La Sagrada Familia brilló este miércoles con un resplandor especial, como si los ladrillos de su arquitectura absorbieran la emoción de la histórica jornada. La basílica se convirtió en epicentro de una conmemoración única: el centenario del fallecimiento de Antonio Gaudí, celebrado con una solemne misa presidida por el Papa León XIV, quien cerró así su visita de dos días a Barcelona, segunda escala de su viaje oficial a España.
La ceremonia congregó a las principales autoridades del país. El presidente del Gobierno, Pedro Sánchez, acompañado de su esposa Begoña Gómez, presidió la misa junto a los Reyes Don Felipe y Doña Letizia. La presidenta del Congreso, Francina Armengol, y trece ministros se sumaron a este acto que reafirmó la relevancia espiritual y cultural del templo diseñado por Gaudí.
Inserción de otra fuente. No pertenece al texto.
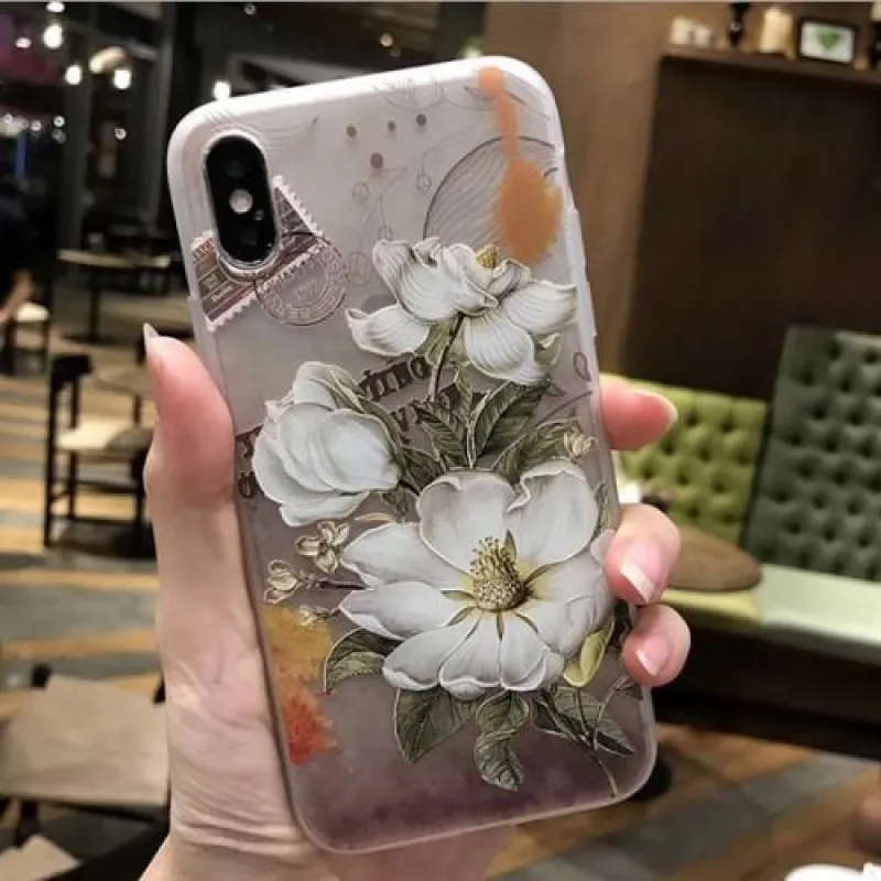 Szilikon tok fehér virágok romantikus motívumával az iPhone X készülékhez

En su homilía, el Pontífice destacó la Sagrada Familia como símbolo de unidad y encuentro, no solo para Barcelona y Cataluña, sino para toda España. León XIV subrayó que la fe cristiana exige compromiso con la vida, la paz y la solidaridad, recordando que no se puede creer en Jesús y al mismo tiempo promover la guerra o abandonar al necesitado.
El Papa rindió homenaje a Gaudí y reconoció la labor de promotores, artistas y trabajadores que hicieron posible la obra, definiéndola como una “elocuente catequesis hecha de piedras, colores y luz”. Resaltó también el papel del arte y la belleza como instrumentos de evangelización, comparando la Sagrada Familia con la tradición de la Biblia pauperum de las antiguas catedrales.